Right now I have a 30S ANT BMS. I'm going to use it for balancing the charged pack, I won't be running the discharge current through it.
For safety I have a 1200A fuse, I'll monitor the battery current via the drive and open the contactor if it gets too high, and I also have some hall based current sensors. I'm toying with the idea of building an electronic fuse.
From my experience the 300A ANT BMS can take 550-600A peaks reliably.
Also, from my experience as well, it is possible to shunt mod it very easily. There are two shunts soldered on the bus bar and with a little bit of copper and solder you can have make a quick and dirty shunt mod so that it reads a lower current than the actual one. I did it on my black motorcycle just for the sake of experiment and it is now reading current 25% lower than it actually is.
Meaning in theory it could go up to 750A. But I haven't had the chance to test it up to such high currents unfortunately, my battery and motor aren't up to the task.
The ANT BMS Fets are pretty decent, at least on the versions I have. They can usually take a lot of abuse and don't really heat all that much. I wanted to replace them with something better but really couldn't find components that were worth the trouble. Not sure if this applies to the 30S version though, mine were 24S.
I wouldn't use a contactor as most of them are crap and tend to fail closed (mosfets do as well, but at least they don't weight a lot and they don't take valuable space). A friend of mine tried many of em from reputable EV brands and ultimately none worked properly, all of them welded shut. Very disappointing, I wonder how these things even pass safety tests.

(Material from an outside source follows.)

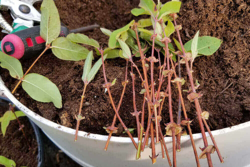 Это побеги, которые уже покрылись корой. Такие черенки берут, начиная с конца июня: срезают верхушки полуодревесневших побегов текущего года и нарезают их на черенки с двумя междоузлиями. Нижние листья удаляют. Черенки опудривают стимулятором корнеобразования и высаживают в горшки в смесь торфа и песка в равных количествах. Через 2–3 месяца на них образуются корни.

A fuse is always a good idea though.
I think that if I had your electronics background I'd simply mod the ANT BMS and make my own power stage. It's not very difficult to do especially now that we have companies like JLCPCB and the likes that can make the board for you, it will be a lot more compact and lighter than any other solution, while providing the same if not greater level of safety. You can even deport the power stage far away from the logic stage so that if it fails it won't fry the brains, plus you could put it somewhere convenient for cooling and whatnot. That's what I'd do if I had a nicer battery/motor capable of such power.